Things Butch-Femme

Walking into Fall

Fall is here.  The leaves are almost at peak viewing colors here in southern Maine, “they” say that peak is this coming weekend here.  The wind is howling today, so I am imagining many of them are hitting the ground, The pine trees like to shed these rusty gold needles also around now, so my yard is slowing disappearing under a blanket of leaves and needles.  The air is really nice and crisp, I like breathing the morning air when I let Nola out first thing mornings at this time of year; it’s nice to stand on the porch and take in a deep breath,  Nola loves the cooler weather, and sitting on the lawn with the October sunshine warming up her fur.

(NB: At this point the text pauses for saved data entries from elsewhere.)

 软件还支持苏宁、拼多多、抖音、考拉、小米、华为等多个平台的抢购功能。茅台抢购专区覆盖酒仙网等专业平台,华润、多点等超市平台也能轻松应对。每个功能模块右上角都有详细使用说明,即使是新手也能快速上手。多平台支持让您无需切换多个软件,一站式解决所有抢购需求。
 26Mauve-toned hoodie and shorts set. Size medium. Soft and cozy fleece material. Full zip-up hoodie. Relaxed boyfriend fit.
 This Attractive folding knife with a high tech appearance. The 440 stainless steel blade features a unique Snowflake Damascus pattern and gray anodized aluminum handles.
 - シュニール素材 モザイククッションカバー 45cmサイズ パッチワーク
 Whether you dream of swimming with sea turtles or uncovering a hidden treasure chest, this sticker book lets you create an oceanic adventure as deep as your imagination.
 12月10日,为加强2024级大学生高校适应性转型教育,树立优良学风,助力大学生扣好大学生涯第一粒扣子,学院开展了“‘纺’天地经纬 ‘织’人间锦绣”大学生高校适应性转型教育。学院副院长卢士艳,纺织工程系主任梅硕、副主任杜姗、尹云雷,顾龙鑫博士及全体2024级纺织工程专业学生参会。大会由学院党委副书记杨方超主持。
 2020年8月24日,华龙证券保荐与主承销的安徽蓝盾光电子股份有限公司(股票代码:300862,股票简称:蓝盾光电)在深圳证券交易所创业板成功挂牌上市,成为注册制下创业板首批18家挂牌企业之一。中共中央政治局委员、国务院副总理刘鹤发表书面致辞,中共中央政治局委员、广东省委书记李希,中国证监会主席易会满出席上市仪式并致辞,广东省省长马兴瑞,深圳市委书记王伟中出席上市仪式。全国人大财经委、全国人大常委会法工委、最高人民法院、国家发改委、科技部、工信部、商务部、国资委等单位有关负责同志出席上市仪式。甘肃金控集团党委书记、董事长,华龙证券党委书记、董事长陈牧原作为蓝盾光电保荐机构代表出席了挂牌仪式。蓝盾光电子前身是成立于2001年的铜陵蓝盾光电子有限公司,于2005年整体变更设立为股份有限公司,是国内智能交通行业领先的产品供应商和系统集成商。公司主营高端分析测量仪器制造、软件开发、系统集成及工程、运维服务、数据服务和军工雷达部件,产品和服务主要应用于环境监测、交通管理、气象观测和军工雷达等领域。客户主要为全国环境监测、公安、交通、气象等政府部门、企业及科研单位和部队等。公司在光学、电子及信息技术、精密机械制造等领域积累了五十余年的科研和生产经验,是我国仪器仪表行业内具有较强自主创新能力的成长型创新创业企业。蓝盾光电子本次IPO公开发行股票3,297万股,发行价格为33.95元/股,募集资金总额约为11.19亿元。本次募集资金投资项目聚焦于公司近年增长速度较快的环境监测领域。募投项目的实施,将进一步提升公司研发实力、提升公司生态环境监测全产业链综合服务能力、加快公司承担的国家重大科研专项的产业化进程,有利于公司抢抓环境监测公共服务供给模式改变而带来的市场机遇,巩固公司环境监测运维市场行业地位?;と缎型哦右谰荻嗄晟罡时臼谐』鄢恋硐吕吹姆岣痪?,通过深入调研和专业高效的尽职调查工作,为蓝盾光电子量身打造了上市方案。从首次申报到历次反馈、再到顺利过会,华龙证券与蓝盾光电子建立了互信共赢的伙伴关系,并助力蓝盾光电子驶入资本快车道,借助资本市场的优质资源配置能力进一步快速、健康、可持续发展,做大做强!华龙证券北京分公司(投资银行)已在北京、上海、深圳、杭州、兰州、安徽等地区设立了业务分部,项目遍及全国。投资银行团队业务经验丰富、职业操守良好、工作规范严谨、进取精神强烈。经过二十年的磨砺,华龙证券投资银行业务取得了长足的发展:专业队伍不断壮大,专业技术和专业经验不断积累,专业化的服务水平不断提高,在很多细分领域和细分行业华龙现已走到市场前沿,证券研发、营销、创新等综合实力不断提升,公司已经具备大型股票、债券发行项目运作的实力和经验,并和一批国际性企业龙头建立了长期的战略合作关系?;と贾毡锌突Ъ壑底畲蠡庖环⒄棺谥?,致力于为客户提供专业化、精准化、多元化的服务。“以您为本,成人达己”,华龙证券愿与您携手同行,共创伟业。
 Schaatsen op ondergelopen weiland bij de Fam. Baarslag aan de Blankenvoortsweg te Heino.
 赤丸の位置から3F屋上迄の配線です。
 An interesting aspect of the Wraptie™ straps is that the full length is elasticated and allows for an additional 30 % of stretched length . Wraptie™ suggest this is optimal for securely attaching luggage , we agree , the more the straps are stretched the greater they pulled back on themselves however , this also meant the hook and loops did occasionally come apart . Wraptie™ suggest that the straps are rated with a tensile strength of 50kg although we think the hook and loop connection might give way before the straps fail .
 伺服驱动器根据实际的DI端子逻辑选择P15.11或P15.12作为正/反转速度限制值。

This time of year I get a little introspective about life in general.  It’s nothing and no one in particular that causes it, I think it’s just the time of year; things are dying off, changing and the days are getting shorter.  It’s a time when I tend to look back over the year and contemplate what went on, why and how, and what’s next on the journey.

Fall is also my most favorite time of year here in New England.  I love the temperatures during the day, the cooler nights are great for sleeping and you can dress in layers of nice warm clothing.  I love the fall festivals and country fairs, apple picking, pumpkins and cornstalk displays.  And I like to go for drives, just because I like to drive, up into the mountains to see the foliage.  So, I go to Cathedral Ledge every year or two to see the view of the whole valley from there.  It’s amazing. I started the Cathedral Ledge trips the year that I tested positive for hiv, (’92) the year I thought an expiration date had been stamped on my forehead and I was going to die soon…obviously that didn’t happen, as I am still here and healthier than ever.  It’s miraculous actually.

I remember that year really well.  I lived in Kittery Maine, right on the water in a great duplex apartment of which I lived downstairs at first, then moved to the upstairs which had these big wrap around decks overlooking the whole waterfront of the river. It was really cool, probably the coolest apartment I ever had back when I was still doing the apartment living thing.  It was also my last apartment now that I think about it.  I found out my sero-status that summer after my therapist urged me to be tested and I scoffed at her for even suggesting it.  Yeah, I wasn’t laughing on August 31st when I got the test results back.  It seriously felt like I had a big date on my ass that meant I wasn’t going to be around much longer.  I was only 32, hell I was too young to die.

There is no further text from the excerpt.